La Corte rileva che la conformità alle norme non esime le imprese da responsabilità ulteriori sulla base del “dovere di condotta socialmente accettato” che impone agli operatori del mercato di adoperarsi nella definizione della loro strategia per la riduzione delle emissioni. Nel nostro caso, la Corte ha preso atto dell’inesistenza di un target specifico di riduzione scientificamente accettato. Sottolinea, infatti, che la pluralità di opinioni della comunità scientifica dimostra che oggi non esiste un consenso scientifico consolidato riguardo a una percentuale di riduzione minima da imporre a un’impresa come Shell. Inoltre, chiarisce che la misura del 45 per cento entro il 2030 è un obiettivo da raggiungere a livello globale, un target che non considera le caratteristiche delle singole imprese e le specificità settoriali. 


In base a tali presupposti, la Corte ribadisce l’obbligo di Shell di contribuire in modo appropriato agli obiettivi dell’Accordo di Parigi, ma il mancato consenso scientifico e il silenzio delle norme sul clima escludono la possibilità di individuare una percentuale di riduzione specifica come obiettivo per le singole imprese.

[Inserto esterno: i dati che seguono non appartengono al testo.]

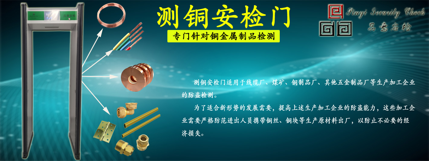 品意(探銅門)智能型銅制品探測儀是一款專門針對銅金屬制品檢測的防盜探測儀,本系統(tǒng)采用渦流檢測以及電磁感應(yīng)原理,集成微弱信號檢測技術(shù)、精密濾波技術(shù)、有限元分析技術(shù)、梯度測量技術(shù)、專家系統(tǒng)、自適應(yīng)識別等技術(shù),揚長避短,優(yōu)勢互補,可以根據(jù)不同金屬物體的渦流、電磁身份信息,判斷出被檢測人員所攜帶的物體,并準(zhǔn)確分辨出是否攜帶銅制品。主要適用于以銅金屬為原材料進行生產(chǎn)加工企業(yè)的防盜檢測,以此減少和杜絕因原材料和制成品的丟失而造成企業(yè)不必要的經(jīng)濟損失問題。?

Ricadute sui contenziosi climatici

La sentenza, seppur nei contenuti parzialmente favorevole a Shell, rappresenta un ulteriore segnale d’allerta per le imprese che operano nel settore.


In particolare, a nostro avviso, la sentenza rappresenta un precedente significativo per il futuro del contenzioso climatico. Il messaggio della Corte di appello è chiaro: le imprese non possono limitarsi solo a seguire le leggi nazionali vigenti, ma devono agire anche autonomamente per ridurre le proprie emissioni di gas serra. Quest’obbligo è imposto a Shell sulla base del codice civile olandese – che prevede un dovere di diligenza non scritto, una caratteristica non comune a tutti gli ordinamenti. Molti stati prevedono però norme sulla responsabilità extracontrattuale applicabili in contenziosi simili. Tuttavia, come indicato dalla stessa Corte, il compito di individuare target di riduzione specifici e imporre obblighi più puntuali alle imprese spetta al legislatore.